===== RECORDS FOR PROCESSING
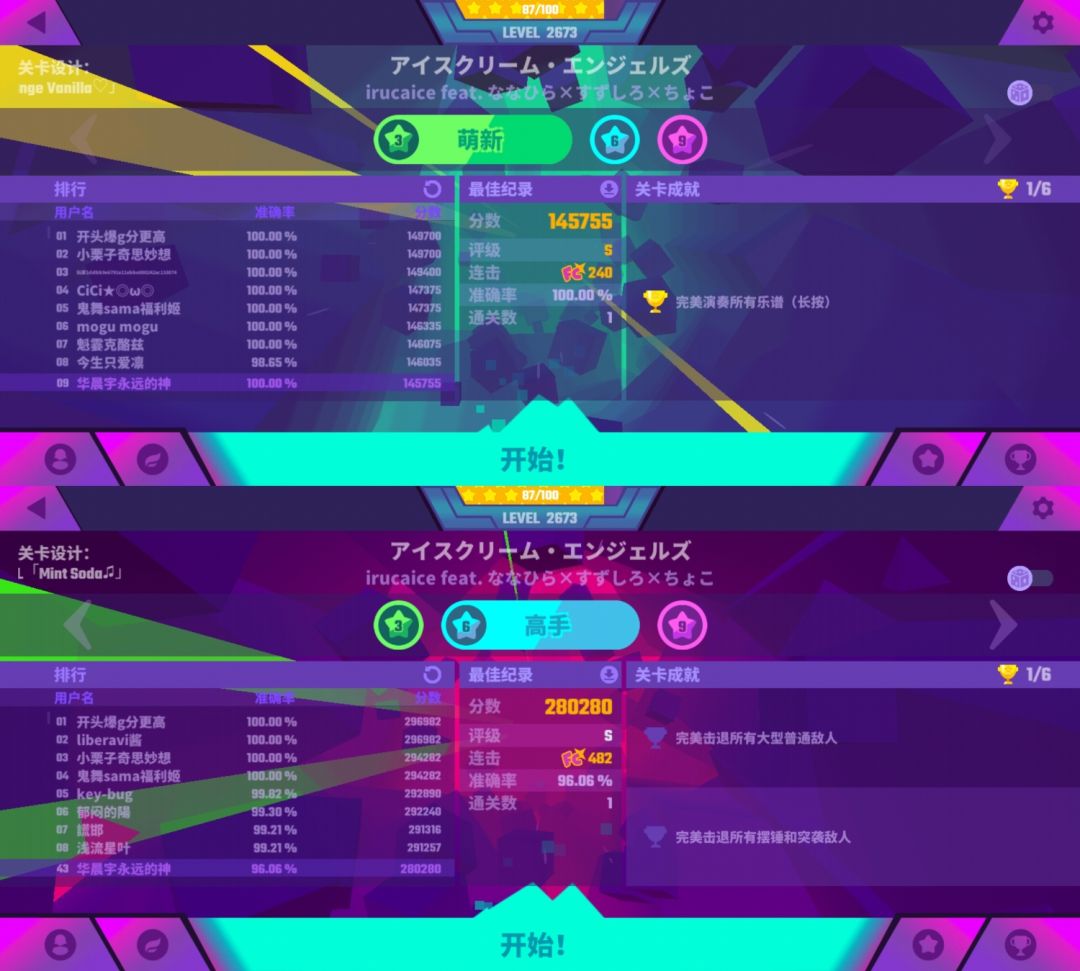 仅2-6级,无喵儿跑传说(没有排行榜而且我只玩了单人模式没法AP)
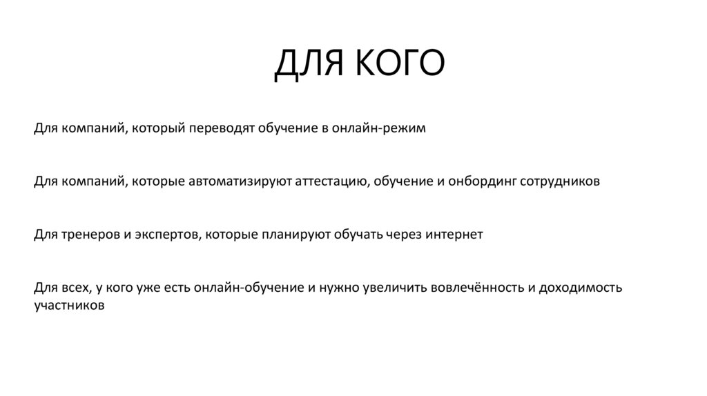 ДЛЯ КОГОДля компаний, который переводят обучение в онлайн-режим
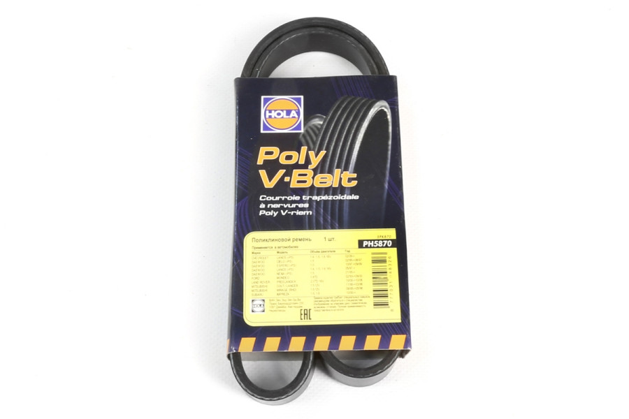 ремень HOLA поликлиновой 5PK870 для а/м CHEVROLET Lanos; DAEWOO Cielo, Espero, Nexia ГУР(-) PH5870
==========
===== RECORDS FOR PROCESSING
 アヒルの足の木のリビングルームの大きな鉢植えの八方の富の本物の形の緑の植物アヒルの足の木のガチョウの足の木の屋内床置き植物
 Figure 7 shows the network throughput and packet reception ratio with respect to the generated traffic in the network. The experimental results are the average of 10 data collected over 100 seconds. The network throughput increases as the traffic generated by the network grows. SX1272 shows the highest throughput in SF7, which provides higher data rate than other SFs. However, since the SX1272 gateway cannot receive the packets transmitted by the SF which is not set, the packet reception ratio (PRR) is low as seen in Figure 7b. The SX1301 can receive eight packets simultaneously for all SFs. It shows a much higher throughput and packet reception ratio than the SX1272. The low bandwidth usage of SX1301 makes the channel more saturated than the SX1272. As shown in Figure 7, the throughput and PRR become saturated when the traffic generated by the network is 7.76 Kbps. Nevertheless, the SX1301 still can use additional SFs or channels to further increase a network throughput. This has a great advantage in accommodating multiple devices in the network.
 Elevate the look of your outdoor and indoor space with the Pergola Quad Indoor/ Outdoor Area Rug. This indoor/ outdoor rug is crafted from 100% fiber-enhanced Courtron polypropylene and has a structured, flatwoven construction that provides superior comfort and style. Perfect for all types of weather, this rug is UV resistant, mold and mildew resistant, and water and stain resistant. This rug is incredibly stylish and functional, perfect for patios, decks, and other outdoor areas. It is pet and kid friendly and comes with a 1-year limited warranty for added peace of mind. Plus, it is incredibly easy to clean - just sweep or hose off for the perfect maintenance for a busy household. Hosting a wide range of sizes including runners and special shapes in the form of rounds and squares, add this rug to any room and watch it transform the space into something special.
==========
===== RECORDS FOR PROCESSING
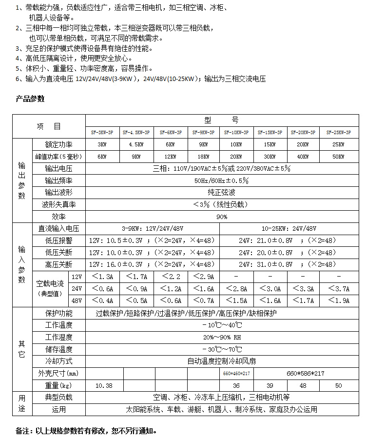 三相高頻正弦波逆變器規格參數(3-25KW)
==========
TO DO => Go to the line above that has "仅2-6级,无喵儿跑传说(没有排行榜而且我只玩了单人模式没法AP)" and copy exactly from there down to the line that has "ремень HOLA поликлиновой", both included. Leave the pictures out.

SOLUTION FOR THIS EXERCISE =>
 仅2-6级,无喵儿跑传说(没有排行榜而且我只玩了单人模式没法AP)
 ДЛЯ КОГОДля компаний, который переводят обучение в онлайн-режим
 ремень HOLA поликлиновой 5PK870 для а/м CHEVROLET Lanos; DAEWOO Cielo, Espero, Nexia ГУР(-) PH5870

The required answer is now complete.